Write out all the data verbatim. Skip images.

◆ **Material provided**
- Opening Delimiter -

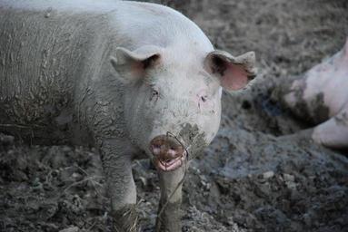Keywords: pigs animals mammal sow happy pig nature livestock dirty agriculture farm domestic pig paarhufer
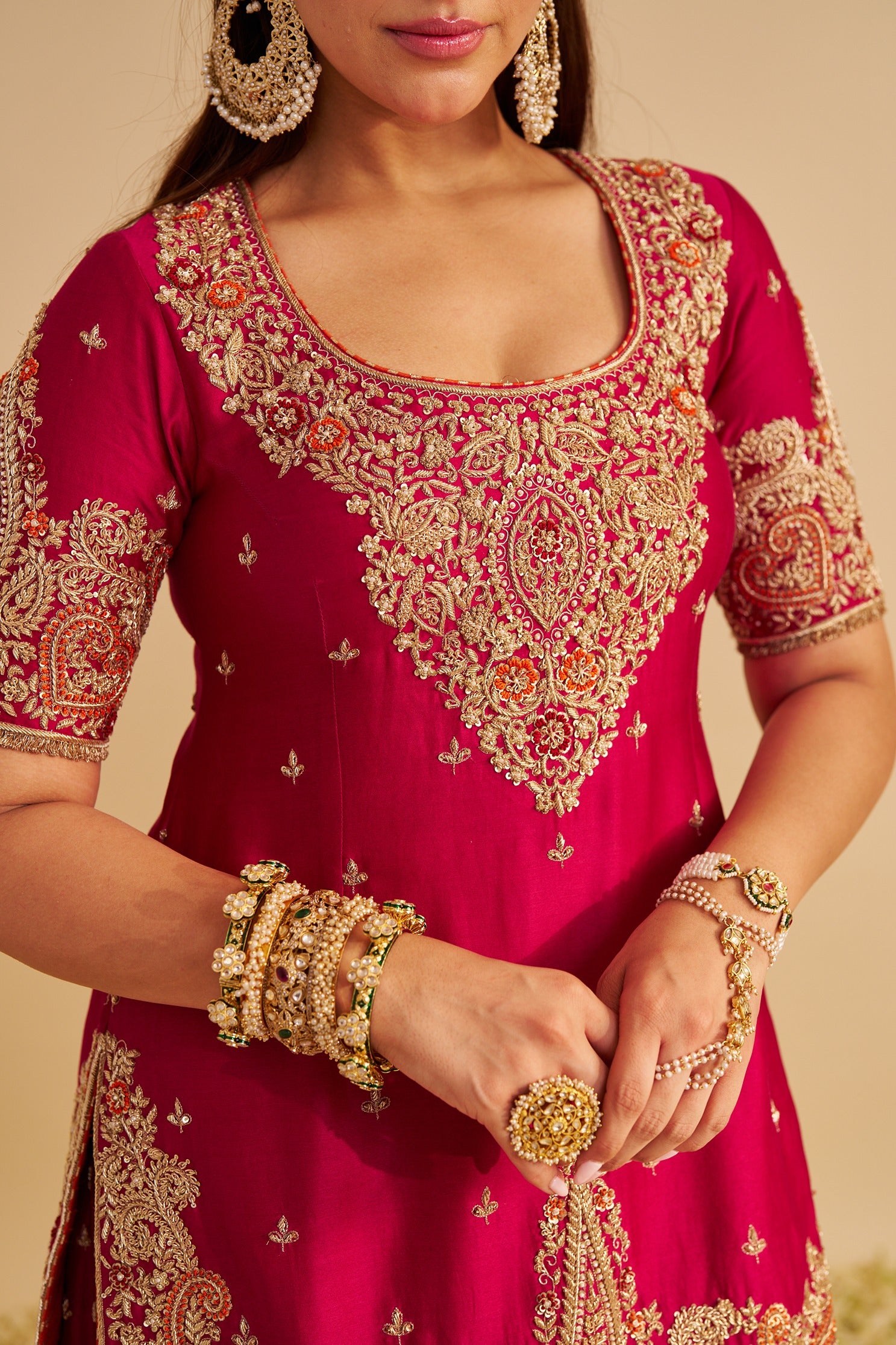 This exquisite ensemble features a short kurta paired with a sharara and dupatta, designed to exude timeless elegance. The kurta is crafted with a broad deep scoop neckline at the front and a striking zero-back design, adding a modern and bold edge to the traditional silhouette. The elbow-length sleeves balance sophistication with comfort, making it a versatile occasion wear choice. The highlight of the outfit lies in its intricate dabka zardozi embroidery, showcasing fine artisanal craftsmanship. The delicate detailing is further enhanced with dangling pearls, lending movement, grace, and a touch of regal charm. Paired with a flowing sharara and a complementing dupatta, this ensemble beautifully blends traditional artistry with contemporary appeal, perfect for weddings, festive occasions, or grand celebrations.
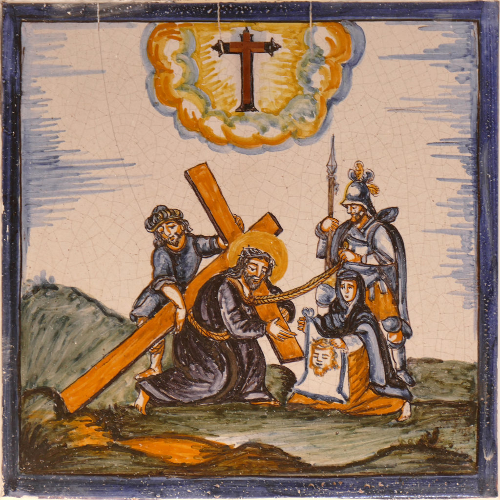 Inicio Obras 09118. Retablo cerámico. Escena de Vía Crucis. Sexta estación. Gelves. Sevilla. 09118. Retablo cerámico. Escena de Vía Crucis. Sexta estación. Gelves. Sevilla. Código09118Tipo de obraRetablo cerámicoVía CrucisFunciónDevocionalTipo de panelPictóricoAutorAragón Cuesta, JuanTallerÁguilas 25Fuente de autoríaFirmadoCronologíaDécada de 1990Fuente de la cronologíaEstimaciónDimensiones0,25 m. x 0,25 m. (aprox.)Pieza datadaNo Lugar exacto donde se encuentraOratorio en propiedad particularPoblaciónGelvesProvinciaSevillaPaísEspañaSituada en elInteriorLugar de producciónSevillaZona de producciónAndalucíaTécnica decorativaAzulejo plano pintadoTema de decoración o temáticaReligiosa - pasionistaEscenaEncuentro de Jesús con la VerónicaPersonajes representadosJesús de NazaretSimón de CireneSoldado romanoVerónica, Santa ConjuntoGelves. Oratorio particular. Vía Crucis. Autor de las fotografíasManuel Pablo Rodríguez Rodríguez. Febrero 2026
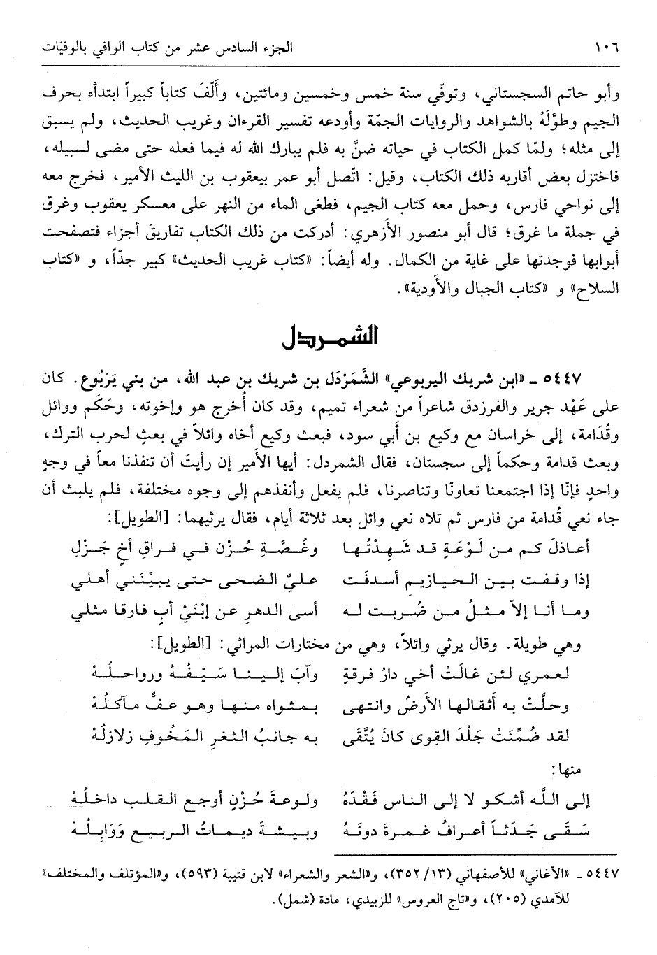 الشمردل ابْن شريك بن عبد الله من بني يَرْبُوع كَانَ على عهد جرير والفرزدق شَاعِرًا من شعراء تَمِيم وَقد كَانَ أخرج هُوَ وَإِخْوَته حكم وَوَائِل وَقُدَامَة إِلَى خُرَاسَان مَعَ وَكِيع بن أبي سود فَبعث وَكِيع أَخَاهُ وائلاً فِي بعث لِحَرْب التّرْك وَبعث قدامَة وَحكما إِلَى سجستان فَقَالَ الشمردل أَيهَا الْأَمِير إِن رَأَيْت أَن تنفذنا مَعًا فِي وَجه وَاحِد فَإنَّا إِذا اجْتَمَعنَا تعاونا وتناصرنا فَلم يفعل وأنفذهم إِلَى وُجُوه مُخْتَلفَة فَلم يلبث أَن جَاءَ نعي قدامَة من فَارس ثمَّ تلاه نعي وَائِل بعد ثَلَاثَة أَيَّام فَقَالَ يرثيهما
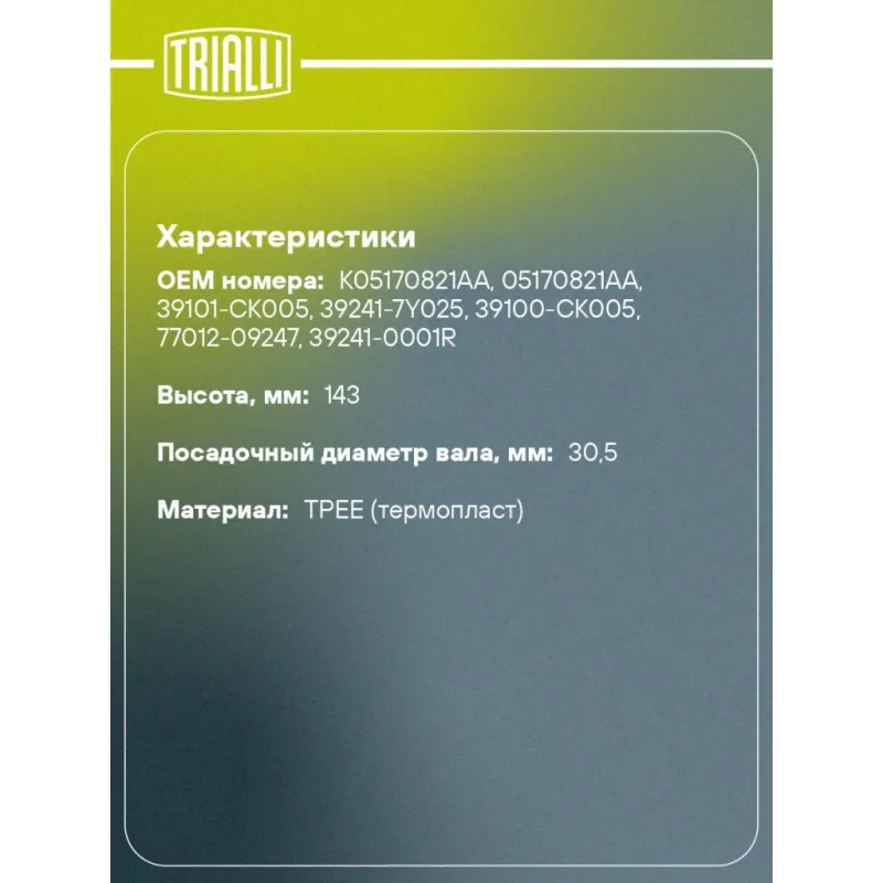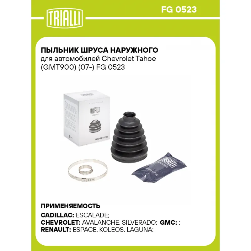 Пыльник ШРУСа наружного для автомобилей Chevrolet Tahoe (GMT900) (07-) Характеристики: Артикул: FG 0523 OEM номера: K05170821AA, 05170821AA, 39101-CK005, 39241-7Y025, 39100-CK005, 77012-09247, 39241-0001R Гарантийный срок: 1 год/30 000 км Сторона установки: со стороны колеса, передняя ось Количество на автомобиль: 2 Высота, мм: 143 Наружный диаметр ШРУСа, мм: 99.5 Посадочный диаметр вала, мм: 30.5 Материал: TPEE (термопласт) Товарная линейка: BLACK Комплектация: Чехол ШРУСа - 1 шт Хомут - 2 шт Смазка - 1 туба Гарантия: от 1 года.
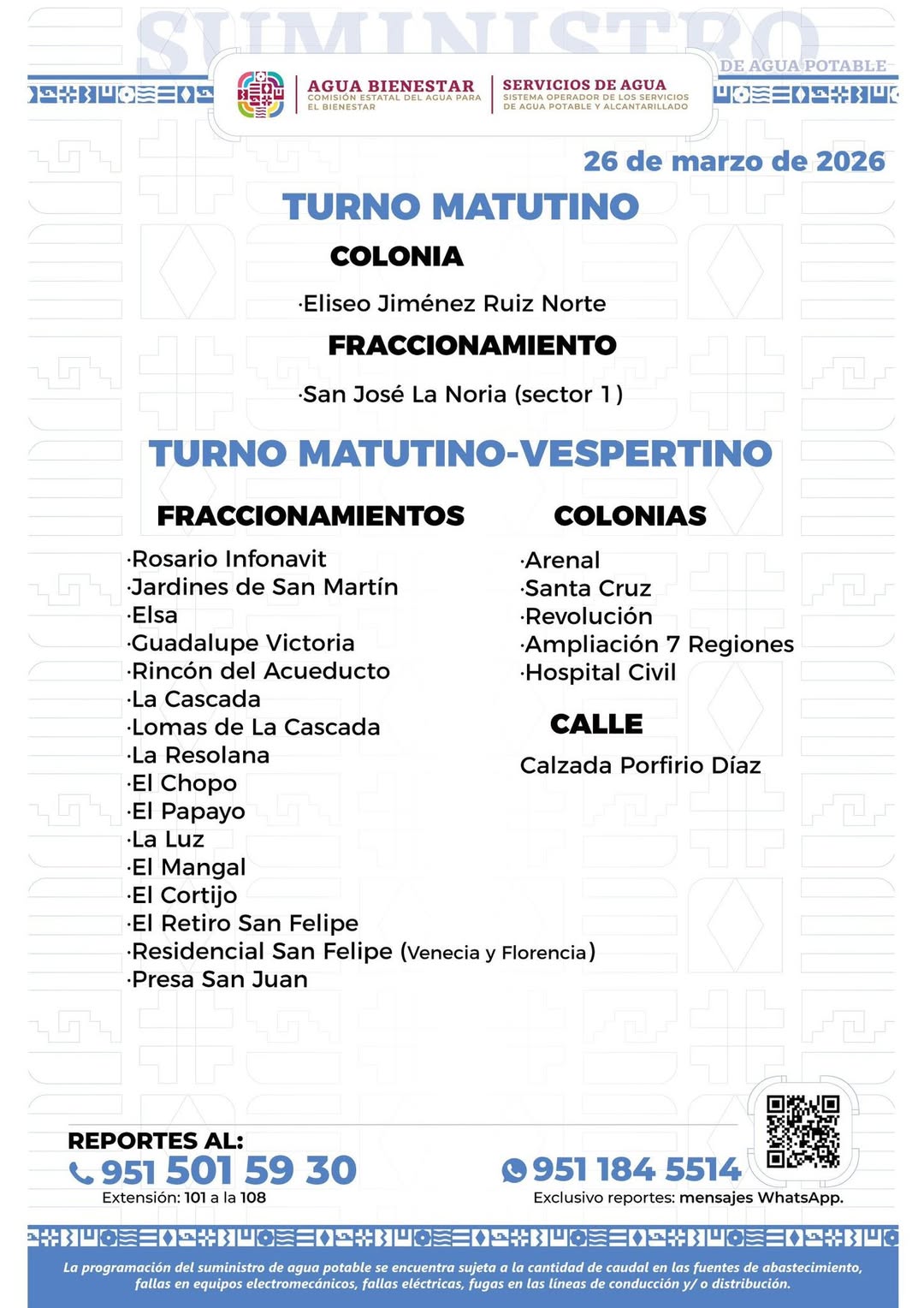 Agenda del suministro de agua potable para este jueves

- Closing Delimiter -

◆ **Written solution**
Keywords: pigs animals mammal sow happy pig nature livestock dirty agriculture farm domestic pig paarhufer
 This exquisite ensemble features a short kurta paired with a sharara and dupatta, designed to exude timeless elegance. The kurta is crafted with a broad deep scoop neckline at the front and a striking zero-back design, adding a modern and bold edge to the traditional silhouette. The elbow-length sleeves balance sophistication with comfort, making it a versatile occasion wear choice. The highlight of the outfit lies in its intricate dabka zardozi embroidery, showcasing fine artisanal craftsmanship. The delicate detailing is further enhanced with dangling pearls, lending movement, grace, and a touch of regal charm. Paired with a flowing sharara and a complementing dupatta, this ensemble beautifully blends traditional artistry with contemporary appeal, perfect for weddings, festive occasions, or grand celebrations.
 Inicio Obras 09118. Retablo cerámico. Escena de Vía Crucis. Sexta estación. Gelves. Sevilla. 09118. Retablo cerámico. Escena de Vía Crucis. Sexta estación. Gelves. Sevilla. Código09118Tipo de obraRetablo cerámicoVía CrucisFunciónDevocionalTipo de panelPictóricoAutorAragón Cuesta, JuanTallerÁguilas 25Fuente de autoríaFirmadoCronologíaDécada de 1990Fuente de la cronologíaEstimaciónDimensiones0,25 m. x 0,25 m. (aprox.)Pieza datadaNo Lugar exacto donde se encuentraOratorio en propiedad particularPoblaciónGelvesProvinciaSevillaPaísEspañaSituada en elInteriorLugar de producciónSevillaZona de producciónAndalucíaTécnica decorativaAzulejo plano pintadoTema de decoración o temáticaReligiosa - pasionistaEscenaEncuentro de Jesús con la VerónicaPersonajes representadosJesús de NazaretSimón de CireneSoldado romanoVerónica, Santa ConjuntoGelves. Oratorio particular. Vía Crucis. Autor de las fotografíasManuel Pablo Rodríguez Rodríguez. Febrero 2026
 الشمردل ابْن شريك بن عبد الله من بني يَرْبُوع كَانَ على عهد جرير والفرزدق شَاعِرًا من شعراء تَمِيم وَقد كَانَ أخرج هُوَ وَإِخْوَته حكم وَوَائِل وَقُدَامَة إِلَى خُرَاسَان مَعَ وَكِيع بن أبي سود فَبعث وَكِيع أَخَاهُ وائلاً فِي بعث لِحَرْب التّرْك وَبعث قدامَة وَحكما إِلَى سجستان فَقَالَ الشمردل أَيهَا الْأَمِير إِن رَأَيْت أَن تنفذنا مَعًا فِي وَجه وَاحِد فَإنَّا إِذا اجْتَمَعنَا تعاونا وتناصرنا فَلم يفعل وأنفذهم إِلَى وُجُوه مُخْتَلفَة فَلم يلبث أَن جَاءَ نعي قدامَة من فَارس ثمَّ تلاه نعي وَائِل بعد ثَلَاثَة أَيَّام فَقَالَ يرثيهما
 Пыльник ШРУСа наружного для автомобилей Chevrolet Tahoe (GMT900) (07-) Характеристики: Артикул: FG 0523 OEM номера: K05170821AA, 05170821AA, 39101-CK005, 39241-7Y025, 39100-CK005, 77012-09247, 39241-0001R Гарантийный срок: 1 год/30 000 км Сторона установки: со стороны колеса, передняя ось Количество на автомобиль: 2 Высота, мм: 143 Наружный диаметр ШРУСа, мм: 99.5 Посадочный диаметр вала, мм: 30.5 Материал: TPEE (термопласт) Товарная линейка: BLACK Комплектация: Чехол ШРУСа - 1 шт Хомут - 2 шт Смазка - 1 туба Гарантия: от 1 года.
 Agenda del suministro de agua potable para este jueves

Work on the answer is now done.